Problem requirements: Bring back every record exactly, except for the pictures, which stay out.

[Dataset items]
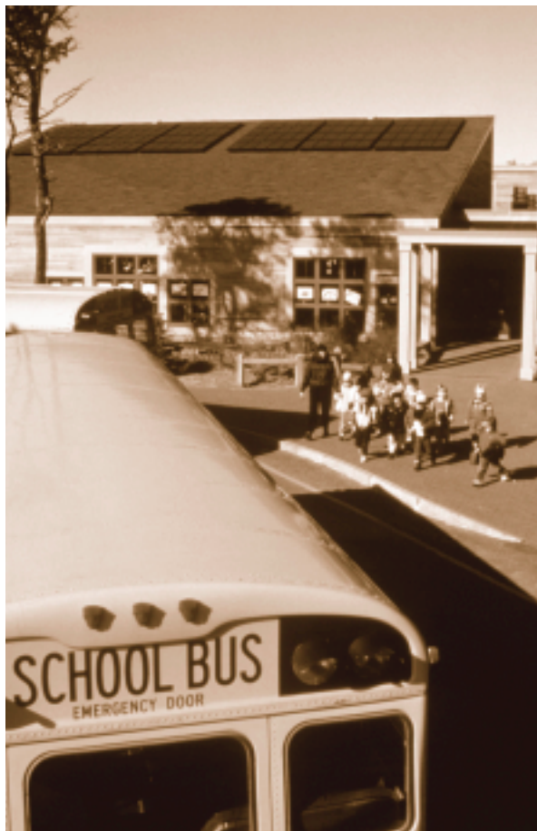
School bus exhaust is often targeted in settlement projects, which can pay for new vehicles as well as diesel retrofitting.

Get involved in the process early—if possible, before the consent decree is signed. Often that’s not easy, he admits, because settlement negotiations happen behind closed
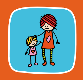
worried about children being taken away
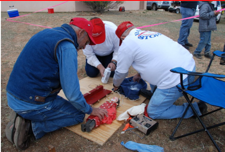
Just how many people does it take to load one very small parachutist on a model airplane?!?!? But a real crowd pleaser.
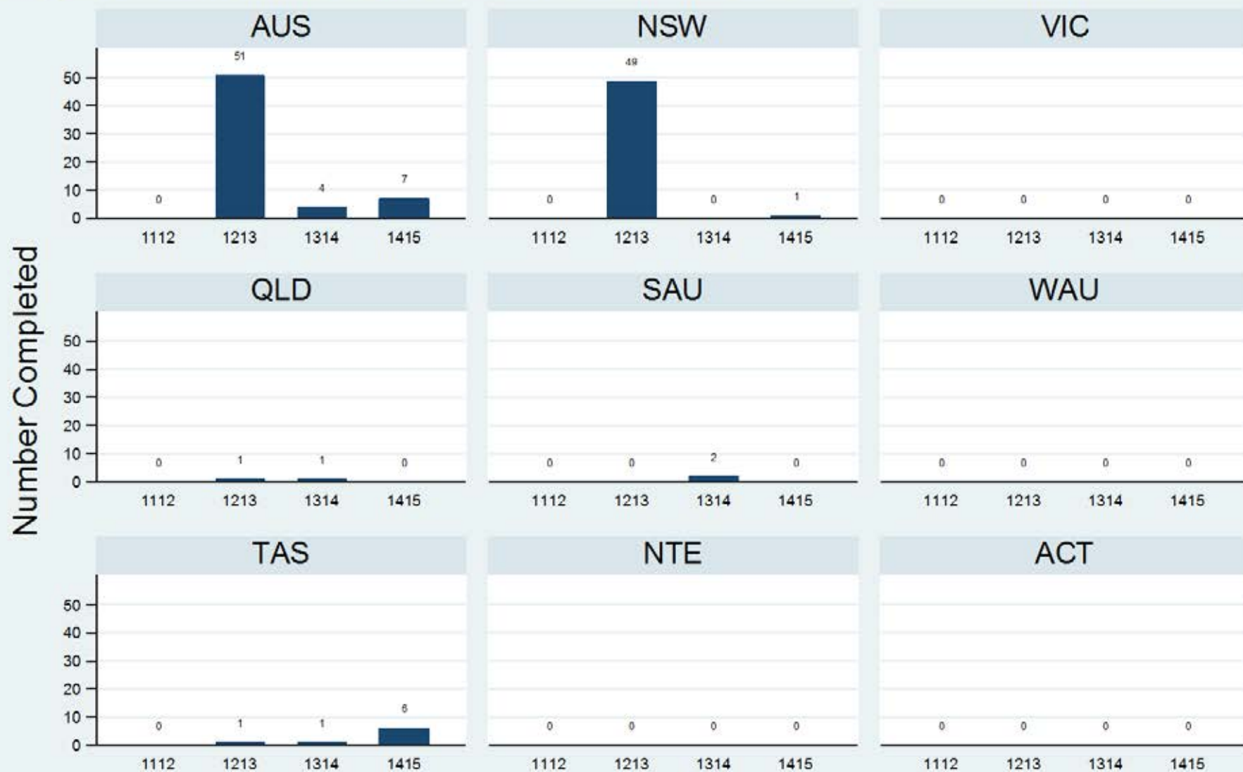
Figure 3.2.1.4.V: Older Persons - Residential - Admission - CSR

Data Extract - 06 March 2016; Analysis & Reporting - 12 March 2016
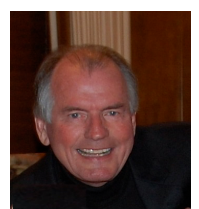
Contact: Woody Lesikar Or Youngest Daughter Stacy for detailed information. All aircraft located at West Houston Airport

Tel: (281) 492-2130 Fax: (281) 492-7028 P.O. Box 941789 Houston, Texas 77094-8789 18000 Groschke Rd. Houston, TX 77094 woody@westhoustonairport.com stacy@westhoustonairport.com
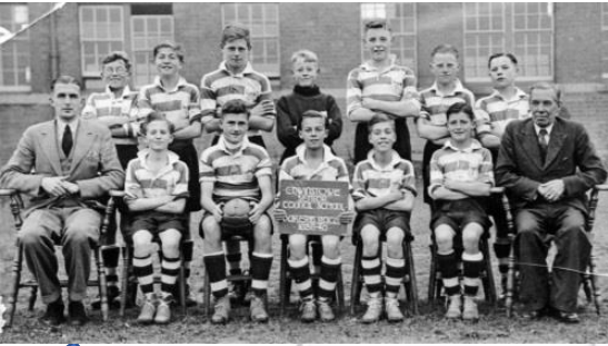
Council School Football Team, Fourth Avenue
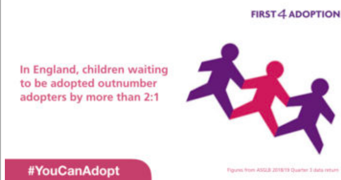
Image download link: https://www.first4adoption.org.uk/library/national-regional-adoption-statistics-social-media-posts-naw/

It's National Adoption Week but we're here all year round. Get in touch & see if adoption is right for you [LINK] #SupportAdoption
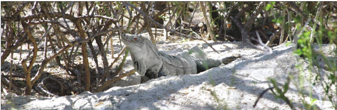
An adult male Ricord's iguana outside its burrow on Isla Cabritos
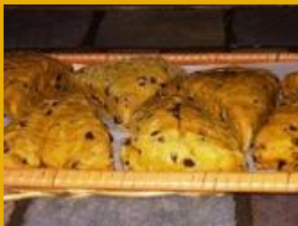
Pumpkin Chocolate Chip Scones $1.70
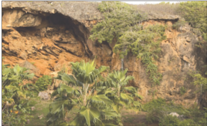
Figure 1. View of the western wall of the large sinkhole in the center of Makauwahi Cave. Pritchardia aylmer-robinsonii palms in the foreground, although extinct on Kaua`i today, were reintroduced to the site from the adjacent island of Niihau because their seeds and pollen were abundant in the pre-human sediments excavated from the site.

Multidisciplinary studies at Makauwahi Cave, Maha`ulepu, on Kaua`i’s south shore (Figure 1), first revealed some critical details needed for restoration on the dry, leeward side of the island (Burney et al. 2001). Pollen and plant macrofossil results showed unequivocally, for the first time, that pre-
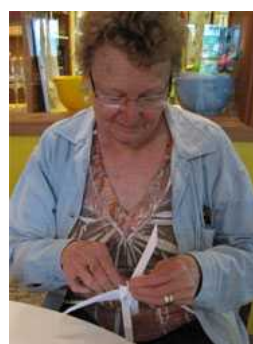
Woven Paper Stars
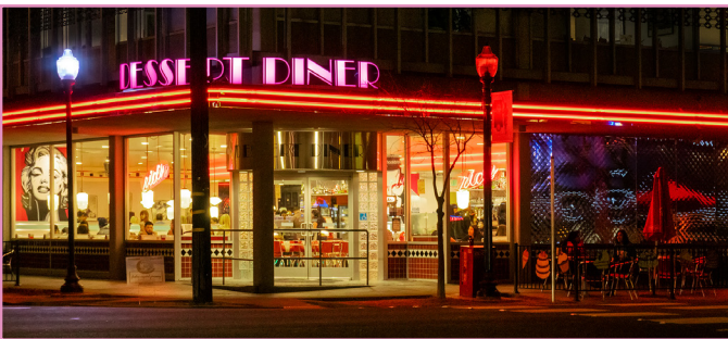
HM Gary Cawood "Rick's Dessert Diner"
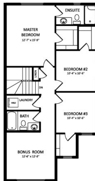
Second Floor 958 SQ FT
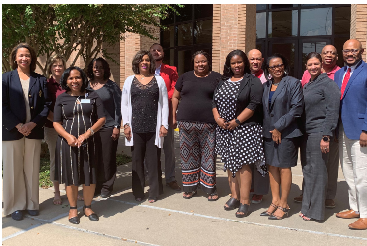
Educator Certification and Advancement welcomed 13 candidates into its 2019-2020 inaugural Superintendent Institute cohort this week. More cohorts may be added to the roster as the month progresses.
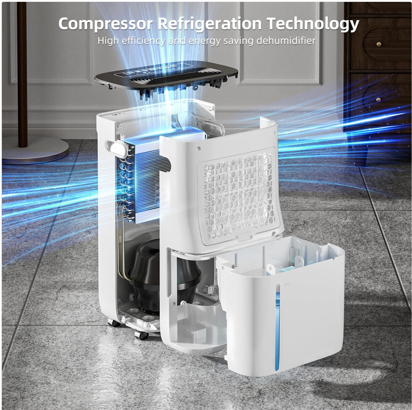
Figure 2: Internal components of the Fierscial Dehumidifier, highlighting the compressor refrigeration technology.

Your browser does not support the video tag.
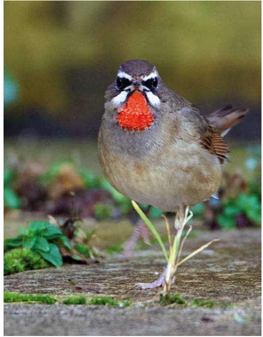
176 Arabian Golden-winged Grosbeak / Arabische Goudvleugelvink Rhynchostruthus percivali , male, Dhofar mountains, Oman, 17 November 2015 ( Tobias Epple/birdingtours.de ) 177 Siberian Rubythroat / Roodkeelnachtegaal Calliope calliope , second calendar-year male, Hoogwoud, Noord-Holland, Netherlands, 16 January 2016 ( Martin van der Schalk ) 178 Black-throated Accentor / Zwartkeelheggenmus Prunella atrogularis , Ventės Ragas, Šilutė, Lithuania, 24 December 2015 ( Vytautas Eigirdas )
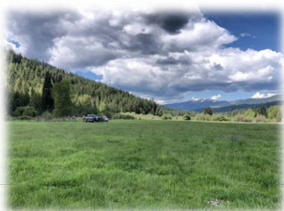
Left, a wonderful day to enjoy beautiful nature around Brickel Creek. Right, a pickup load of plants ready for setting.
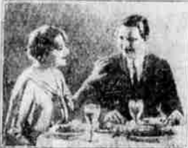
Now! mealtime is a happy event strong, and your nerves become steady.

If you do not enjoy your food it is a true sign that you are losing your appetite. And when your appetite is "gone" it means you haven't the resistance to ward off diseases. Loss of appetite is only a symptom. General weakness pervades the entire body. There is no desire to work or play.
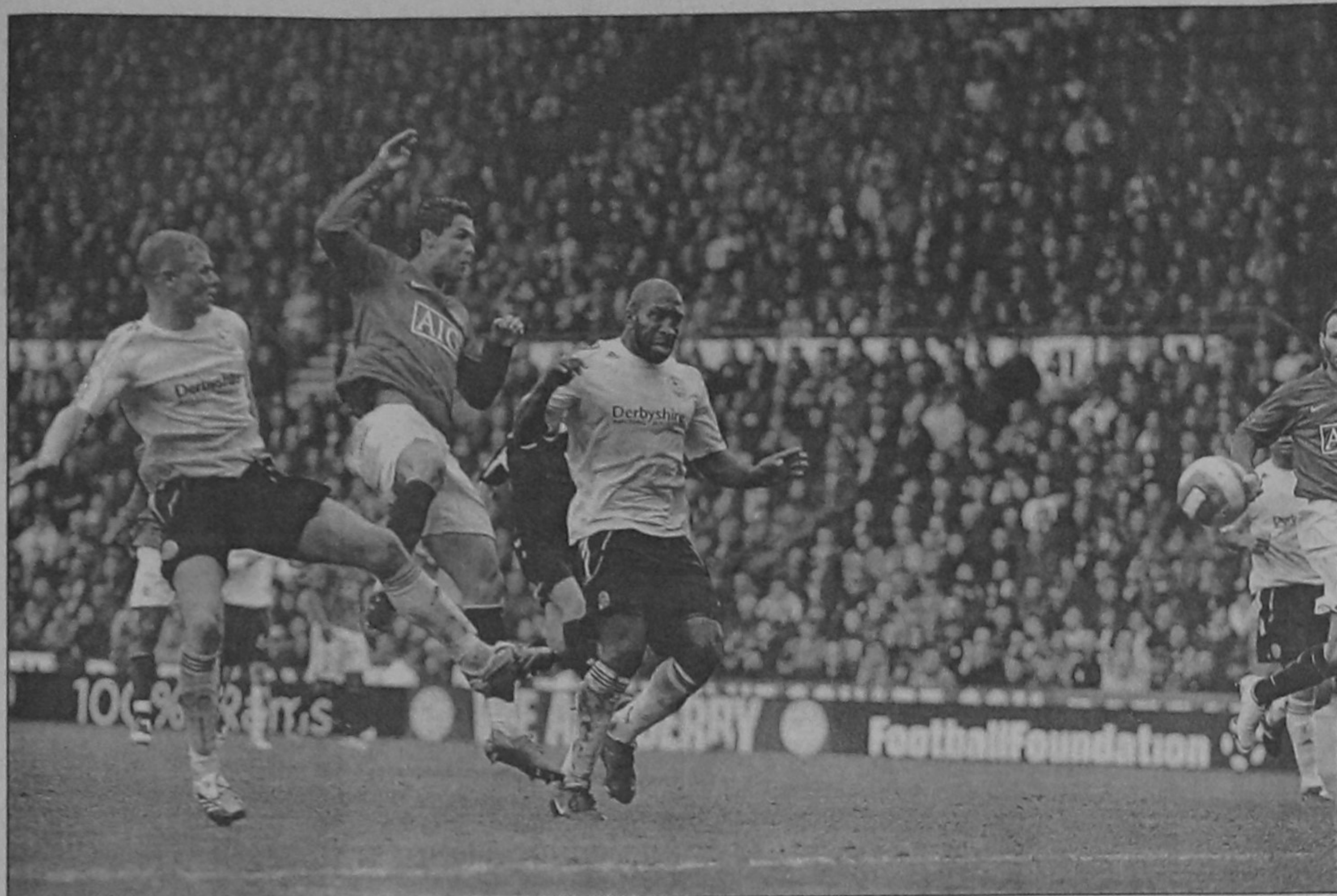
Manchester United star Cristiano Ronaldo (C) goes airborne to score the all-important goal against Derby County during their Premiership encounter at Pride Park on Saturday.

Exercise output:
School bus exhaust is often targeted in settlement projects, which can pay for new vehicles as well as diesel retrofitting.

Get involved in the process early—if possible, before the consent decree is signed. Often that’s not easy, he admits, because settlement negotiations happen behind closed
worried about children being taken away
Just how many people does it take to load one very small parachutist on a model airplane?!?!? But a real crowd pleaser.
Figure 3.2.1.4.V: Older Persons - Residential - Admission - CSR

Data Extract - 06 March 2016; Analysis & Reporting - 12 March 2016
Contact: Woody Lesikar Or Youngest Daughter Stacy for detailed information. All aircraft located at West Houston Airport

Tel: (281) 492-2130 Fax: (281) 492-7028 P.O. Box 941789 Houston, Texas 77094-8789 18000 Groschke Rd. Houston, TX 77094 woody@westhoustonairport.com stacy@westhoustonairport.com
Council School Football Team, Fourth Avenue
Image download link: https://www.first4adoption.org.uk/library/national-regional-adoption-statistics-social-media-posts-naw/

It's National Adoption Week but we're here all year round. Get in touch & see if adoption is right for you [LINK] #SupportAdoption
An adult male Ricord's iguana outside its burrow on Isla Cabritos
Pumpkin Chocolate Chip Scones $1.70
Figure 1. View of the western wall of the large sinkhole in the center of Makauwahi Cave. Pritchardia aylmer-robinsonii palms in the foreground, although extinct on Kaua`i today, were reintroduced to the site from the adjacent island of Niihau because their seeds and pollen were abundant in the pre-human sediments excavated from the site.

Multidisciplinary studies at Makauwahi Cave, Maha`ulepu, on Kaua`i’s south shore (Figure 1), first revealed some critical details needed for restoration on the dry, leeward side of the island (Burney et al. 2001). Pollen and plant macrofossil results showed unequivocally, for the first time, that pre-
Woven Paper Stars
HM Gary Cawood "Rick's Dessert Diner"
Second Floor 958 SQ FT
Educator Certification and Advancement welcomed 13 candidates into its 2019-2020 inaugural Superintendent Institute cohort this week. More cohorts may be added to the roster as the month progresses.
Figure 2: Internal components of the Fierscial Dehumidifier, highlighting the compressor refrigeration technology.

Your browser does not support the video tag.
176 Arabian Golden-winged Grosbeak / Arabische Goudvleugelvink Rhynchostruthus percivali , male, Dhofar mountains, Oman, 17 November 2015 ( Tobias Epple/birdingtours.de ) 177 Siberian Rubythroat / Roodkeelnachtegaal Calliope calliope , second calendar-year male, Hoogwoud, Noord-Holland, Netherlands, 16 January 2016 ( Martin van der Schalk ) 178 Black-throated Accentor / Zwartkeelheggenmus Prunella atrogularis , Ventės Ragas, Šilutė, Lithuania, 24 December 2015 ( Vytautas Eigirdas )
Left, a wonderful day to enjoy beautiful nature around Brickel Creek. Right, a pickup load of plants ready for setting.
Now! mealtime is a happy event strong, and your nerves become steady.

If you do not enjoy your food it is a true sign that you are losing your appetite. And when your appetite is "gone" it means you haven't the resistance to ward off diseases. Loss of appetite is only a symptom. General weakness pervades the entire body. There is no desire to work or play.
Manchester United star Cristiano Ronaldo (C) goes airborne to score the all-important goal against Derby County during their Premiership encounter at Pride Park on Saturday.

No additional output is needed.